Header graphic for print
Real Lawyers Have Blogs On the topic of the law, firm marketing, social media, & baseball

Law blogs and legal publications should heed mistakes of newspapers

The way advertising is presented in online newspaper sites is killing them.

Per Robert Niles at USC’s Online Journalism Review:

News publishers like to point to television, free news online, English literacy rates and slew of other reasons to explain their readership losses. But the contempt that newspapers show for their readers by burying their editorial content beneath their remaining advertising surely is not helping keep readers around.

He provides examples of the garbage we’re served up.

Everyday I check the website of the Pasadena Star-News. And every day, the front section of the website’s homepage is obscured by a pop-up widget urging me to take a survey about the site’s new design.

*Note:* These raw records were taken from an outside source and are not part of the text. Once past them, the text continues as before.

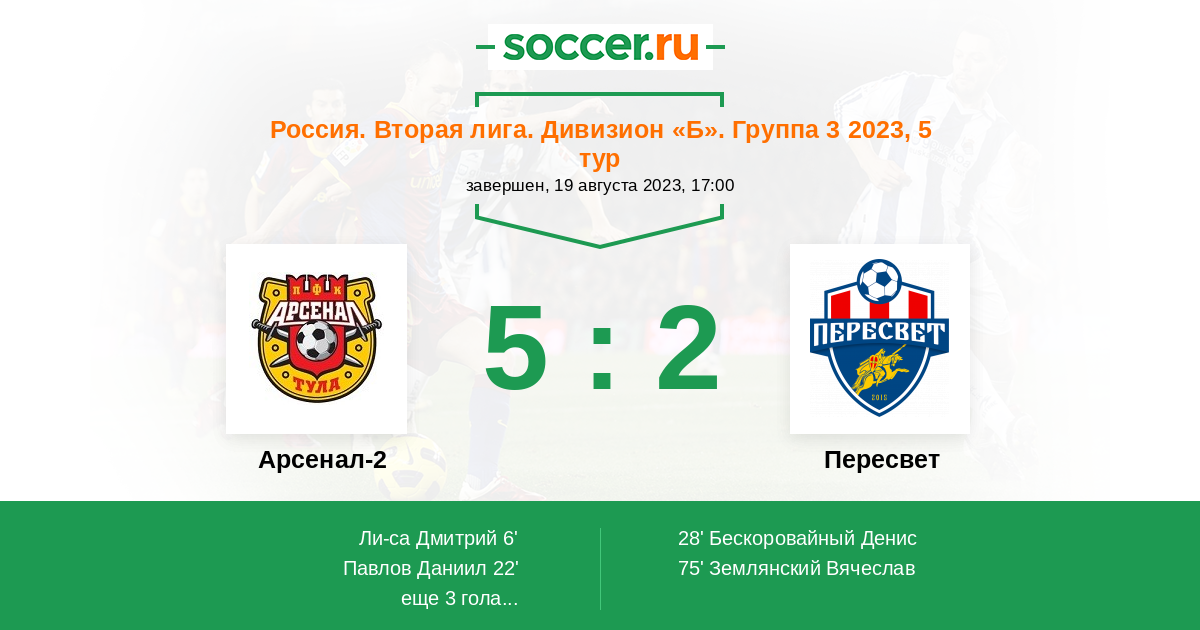 | 2. | Арсенал-2 | 8 | 6 | 2 | 0 | 3 | 18:8 | 20 |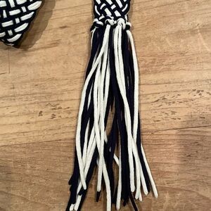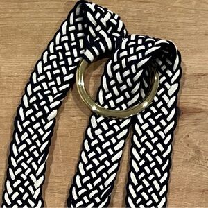 Blue & White Braided Fringe Gold Hardware Buckle belt Western Boho Casual OS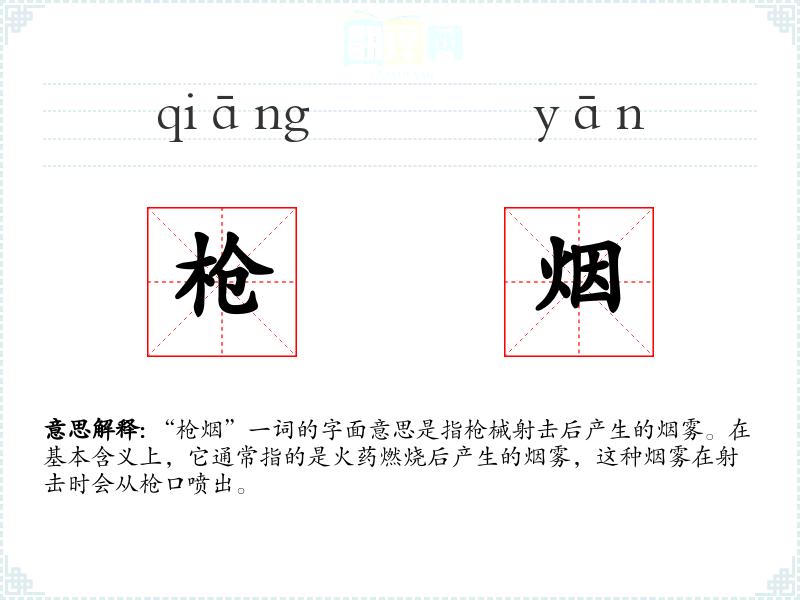 "枪烟"的意思解释、枪烟是什么意思由翻译网汉语词典查词提供。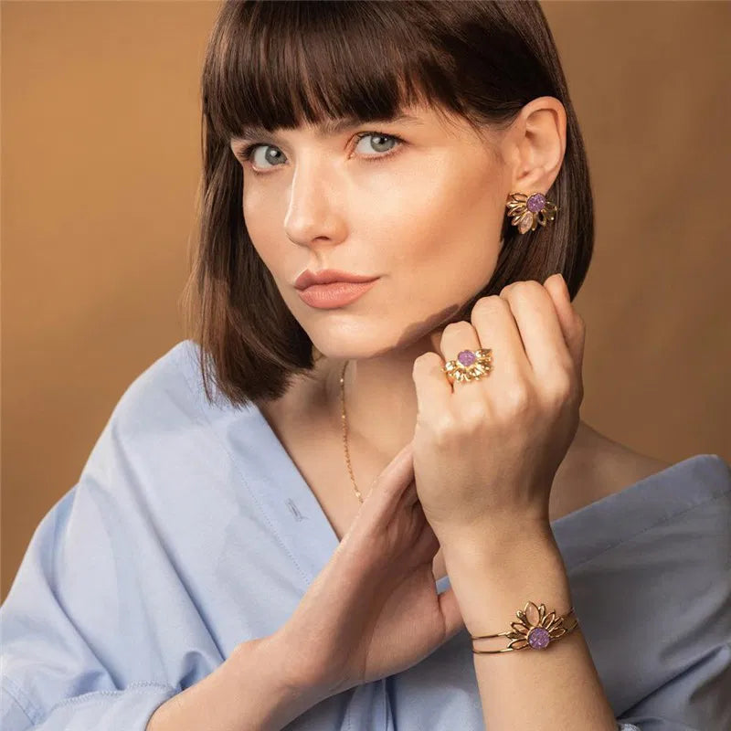 O anel Coração é uma peça que une brilho, elegância e exclusividade. Sua pedra de geodo natural em formato de coração traz textura, luz e personalidade, cada anel é único, já que as formações naturais variam em cor, brilho e desenho. Uma joia perfeita para...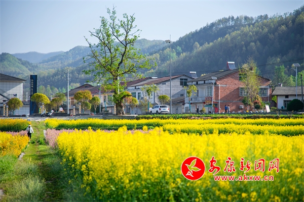近日,石泉縣中池鎮(zhèn)境內(nèi)的油菜花競相開放,金黃的油菜花田與村落民居交相輝映,一幅田園風(fēng)景畫惹人陶醉。儲招賢 攝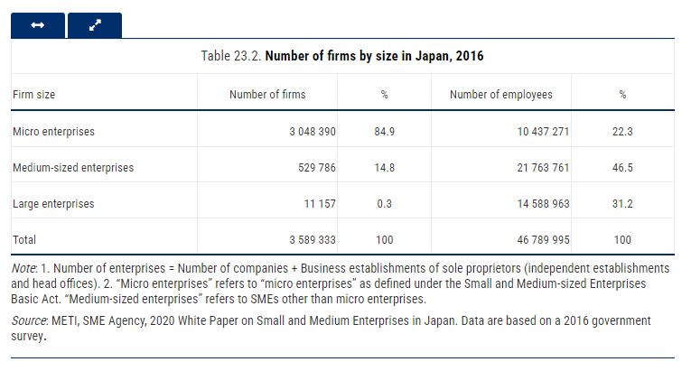Menurut data dari oecd-ilibrary.org, di tahun 2016 tercatat bahwa jumlah perusahaan di sektor Usaha Mikro (Micro Enterprises) sebanyak 3.048.390 atau sebanyak 84,9% dari total perusahaan yang ada di Jepang dengan menyerap tenaga kerja sebanyak 10.437.271 karyawan. Sementara itu, jumlah perusahaan di sektor Usaha Kecil dan Menengah (Medium-Sized Enterprises) sebanyak 529.786 atau sebanyak 14,8%. Namun demikian, jumlah tenaga kerja lebih banyak diserap oleh UKM dibanding Usaha Mikro yaitu sebanyak 21.763.761 atau sebanyak 46,5%.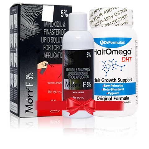 Morr-F khác Morr là có ký hiệu F (hàm lượng có 5% và 10% minox), chứa 2 hoạt chất chính là Minoxidil và Finasteride (DHT Blocker) được cục FDA của Hoa Kỳ chứng thực có hiệu quả cao trong việc giúp mọc tóc. Nếu bạn lo ngại việc finasteride có tác dụng phụ thì yên tâm rằng, 0.1%w/v là 1 con số rất nhỏ và qua đường bôi, không như finasteride viên uống 5gm được uống trực tiếp (kê toa)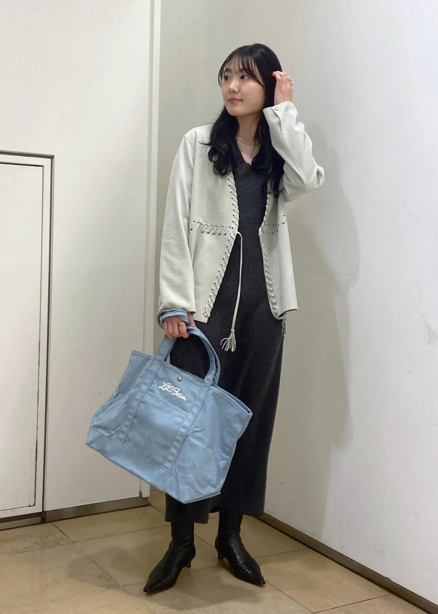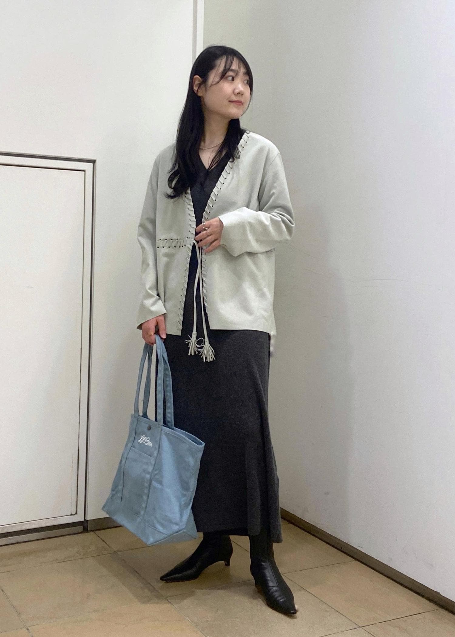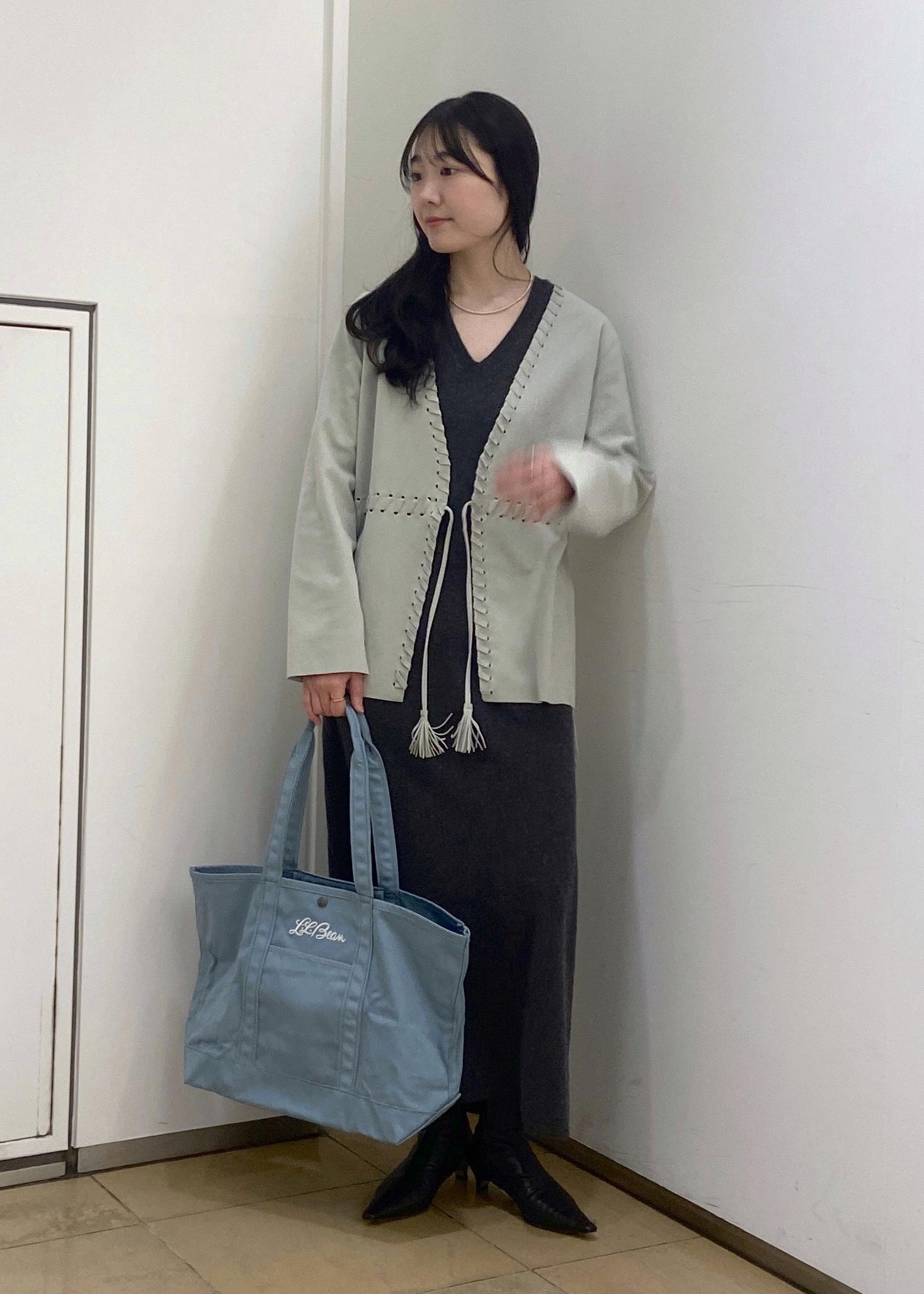 シンプルで気負いなく、でも上質な素材感がワンポイントになるスタイリングにしました。

Click the red ‘X’ in the corner to close the widget window, and the op-up appears every time you return to the page. (If you click the button declining to take the survey, the window disappears for the remainder of your session.)

If I register with the LA Times website, the Times insists on spamming me with commercial e-mails for products about which I do not care. If I opt-out of the e-mails, the Times cancels my website registration. (Which is why I don’t have a Times website registration anymore

  • http://www.onecle.com Ken Chan

    So, a self-proclaimed computer geek that teaches at USC can’t figure out how to register with the LAT website without getting spammed to death? [1] E-mail accounts are free nowadays. Sign-up for one that you use exclusively for registration purposes. [2] Set-up a filter for your e-mail messages if you cannot opt-out.

  • http://kevin.lexblog.com Kevin

    You’re making my point Ken. Why should newspapers feel so special that they set up ways that require action by readers that would not be needed on other news sites and blogs? It’ll be their demise.
    Hell, by the time it took me to register to comment on the SF Chronicle site, I just decided to forget it. Emailed the reporter complaining about their registration system. To his credit he asked what they should do to improve things. But for everyone that emails to complain, there’s 10 that’ll just never come back and tell others the Chronicle doesn’t get.